→ **What the task requires**
What you return should be only the lines in the entries below between the one holding "La moneda está" and the one holding "СохранитьМатовый Soft Touch", ends included, with every picture left out.

→ **Given records**

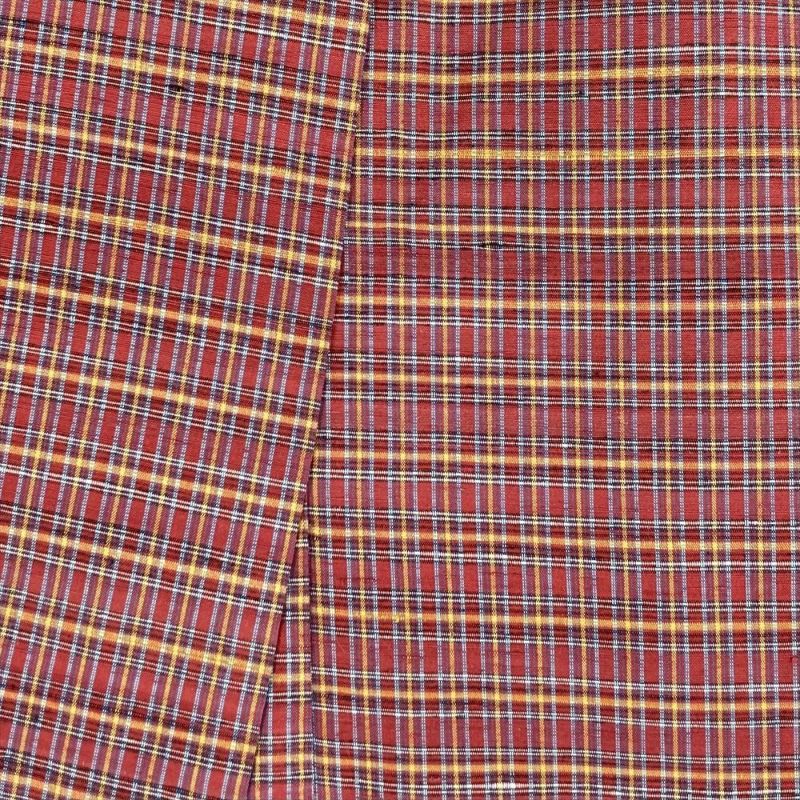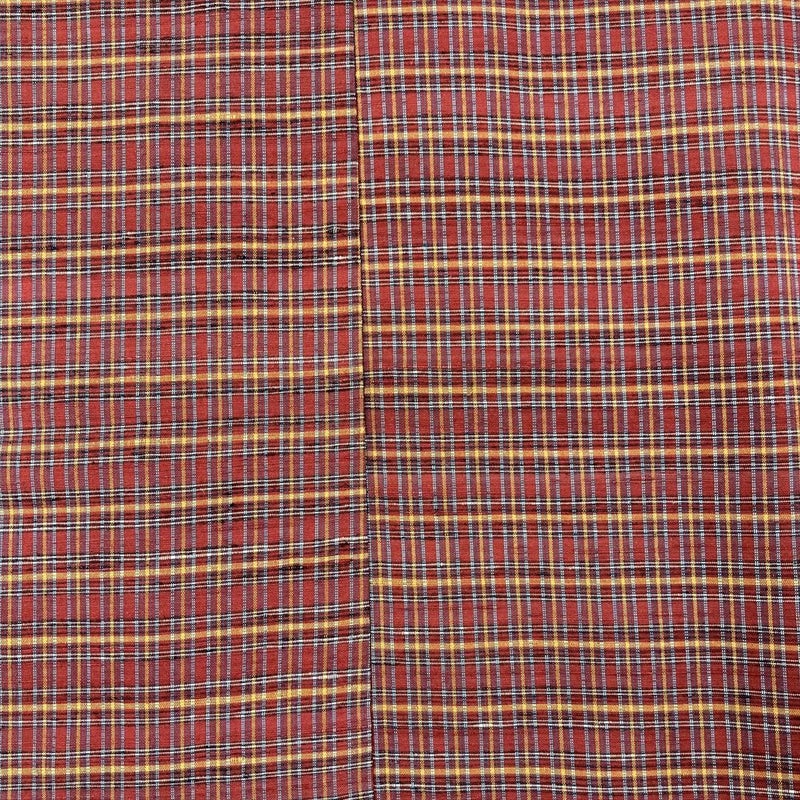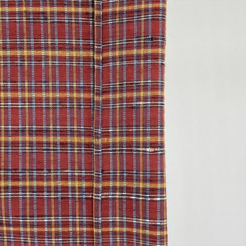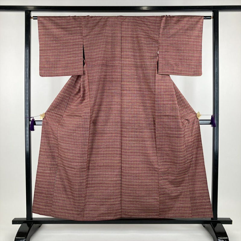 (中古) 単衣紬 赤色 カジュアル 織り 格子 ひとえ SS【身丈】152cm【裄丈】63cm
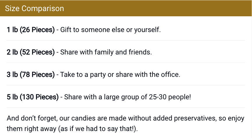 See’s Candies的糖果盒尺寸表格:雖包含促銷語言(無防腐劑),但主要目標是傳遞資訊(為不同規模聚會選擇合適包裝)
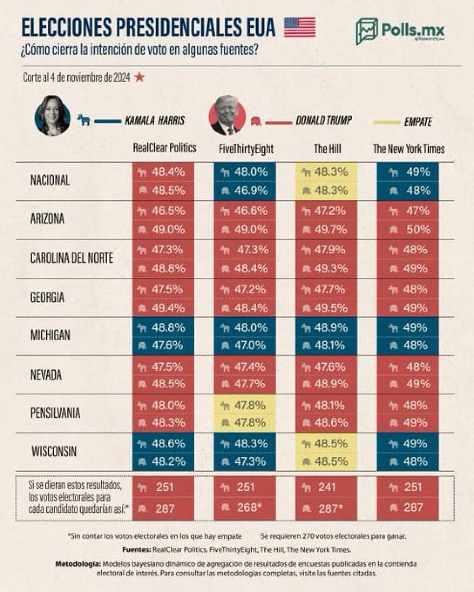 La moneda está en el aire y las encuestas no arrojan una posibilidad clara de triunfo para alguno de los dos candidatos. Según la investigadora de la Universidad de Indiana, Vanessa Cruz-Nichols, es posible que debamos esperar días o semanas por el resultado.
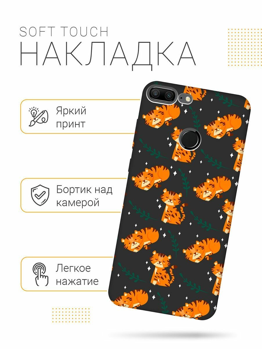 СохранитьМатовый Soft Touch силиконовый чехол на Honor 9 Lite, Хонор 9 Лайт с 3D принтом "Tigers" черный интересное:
==
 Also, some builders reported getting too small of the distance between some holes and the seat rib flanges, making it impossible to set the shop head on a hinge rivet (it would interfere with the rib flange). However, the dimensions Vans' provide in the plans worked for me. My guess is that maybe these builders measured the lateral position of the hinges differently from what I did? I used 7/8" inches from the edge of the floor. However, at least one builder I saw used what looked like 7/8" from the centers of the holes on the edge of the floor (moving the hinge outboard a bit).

→ **Task solution**
 La moneda está en el aire y las encuestas no arrojan una posibilidad clara de triunfo para alguno de los dos candidatos. Según la investigadora de la Universidad de Indiana, Vanessa Cruz-Nichols, es posible que debamos esperar días o semanas por el resultado.
 СохранитьМатовый Soft Touch силиконовый чехол на Honor 9 Lite, Хонор 9 Лайт с 3D принтом "Tigers" черный интересное:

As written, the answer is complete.